Make sense? No? It doesn’t make sense to me either.

How did my dad get to that point? Why did he use a minor event from his youth to justify hostility toward an entire group of people? Why would he even remember that incident after seventy years? Did he learn to hate Jews from his parents? Was bigotry something he drank along with his mother’s milk?

I will never know what happened because all the witnesses are dead.

My father knew that I went to a synagogue on a regular basis. He never said anything about it. It wasn’t worth arguing about. It was easier just to ignore the fact. Just talk about something else.

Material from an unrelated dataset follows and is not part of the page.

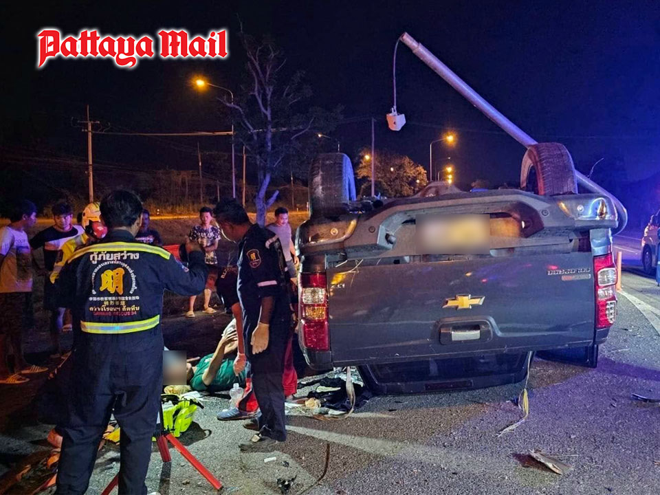 SATTAHIP, Thailand – A Chevrolet pickup truck lost control while traveling on Highway 332 heading toward the Je intersection, near the Miranda Village in Sattahip, on the night of December 18. The vehicle veered off the road, collided with two streetlight poles, and flipped over onto its roof, with its wheels pointing skyward.
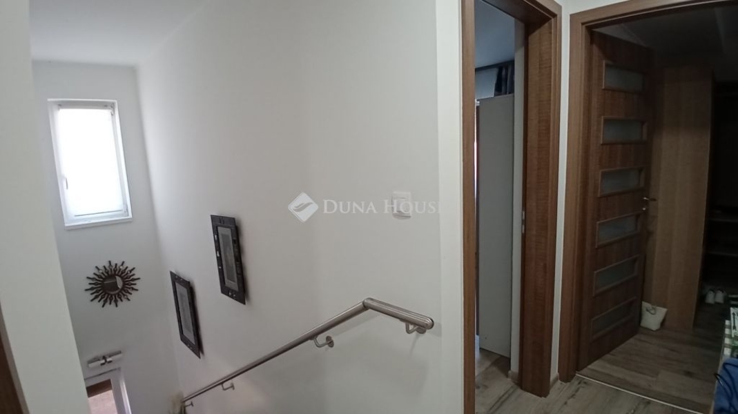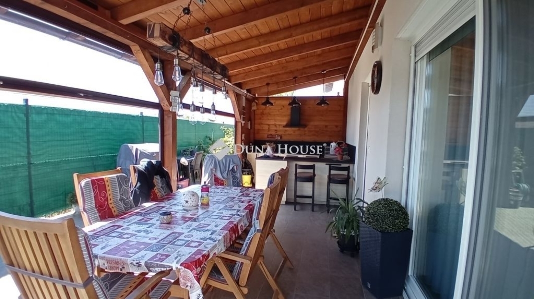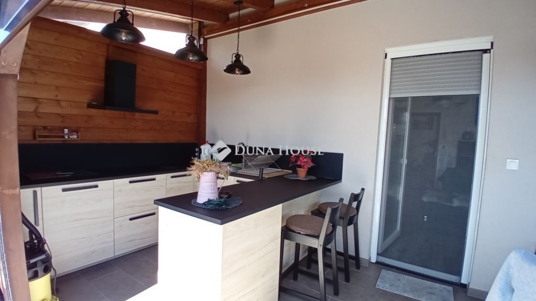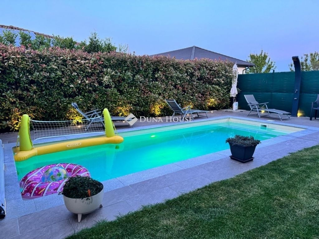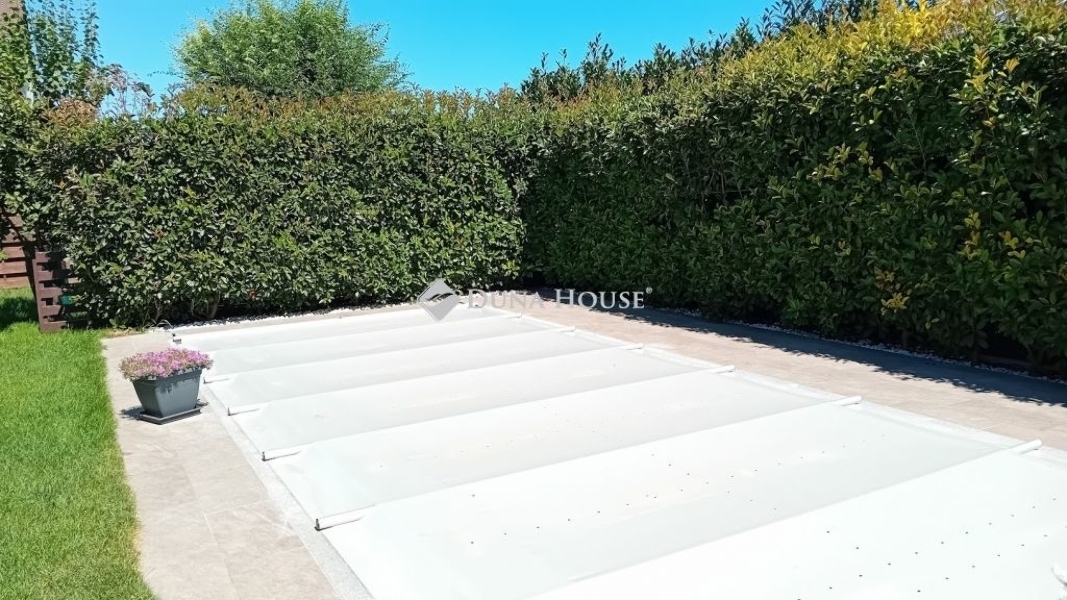 Eladó Siófokon egy újszerű, luxus kialakítású, medencés családi ház. Ez a különleges ingatlan 2019-ben épült tégla szerkezettel, 15 cm-es szigeteléssel, a modern kor követelményeinek maximálisan megfelel. Nettó 148 m2 alapterületével, valamint hozzá tartozó 19 m2-es fedett terasszal és egy 17 m2-es fedett erkéllyel is büszkélkedhet.Az otthon földszintjén található az amerikai konyhás nappali, előtér, egy külön WC, tároló, közvetlen kapcsolattal a teraszhoz.A teraszon egy nyári konyha és étkező lett kialakítva, mely esős idő esetén elektromos redőnnyel zárhatóvá tehető.Az emeletre belső lépcsőfeljárón keresztül lehet feljutni, ahol 3 hálószoba, egy gardrób, egy fürdőszoba WC-vel és bidével, egy közlekedő, háztartási helyiség, és a már említett 17 m2-es fedett erkély helyezkedik el, mely szintén téliesíthető!A nyílászárók modern műanyagból készültek, redőnnyel és szúnyoghálóval felszerelve, így az épület kiválóan szigetelt. A házban gáz cirkó + padlófűtés biztosítja a meleget, míg a hűtésről 3 klímaberendezés gondoskodik. További jelentős előny, hogy 11 kW kapacitású napelem került felszerelésre, így az elektromos energia számla gyakorlatilag nulla.A kertet, amely gondosan parkosított, automata öntözőrendszerrel, különböző növényekkel és egy 6x4 méteres, fűthető medencével álmodta meg a jelenlegi tulajdonos. A medence gépészete a kerti kis házban található.A család autóinak a 2 állásos garázsban biztosítottak a helyet.Ha felkeltette az érdeklődését ez az exkluzív ingatlan Siófokon, akkor várom megtisztelő hívását!Az ingatlan megtekintéséhez előzetes időpont egyeztetés szükséges. Szolgáltatásunk vevők számára ingyenes. Ne habozzon, keressen minket bizalommal, és tekintse meg további hirdetéseinket is!

Once again, I don’t think my father actually hated the Jews. That would have required passion. Hatred is an inversion of love. We often hate most those whom we loved the most. Ask anybody who has been through a divorce. In order love or to hate I have to care about the person. The person I hate has to mean something to me. I can only really hate someone who is important to me in a twisted way.

My dad had a sort of casual indifference. He had that attitude that Elie Wiesel warned against. Dante wrote that the innermost circle of hell is a very cold place. I think that is accurate.

I’m often like my dad. I don’t hate the Jews, but I have found other people to despise. Heredity is a terrible thing sometimes. It is a constant struggle for me to look beyond my prejudices and see people for who they really are. It’s so much easier just to dismiss them and pretend they don’t even exist.

When I am at my worst, I can look into another person’s eyes and feel nothing.

That scares me.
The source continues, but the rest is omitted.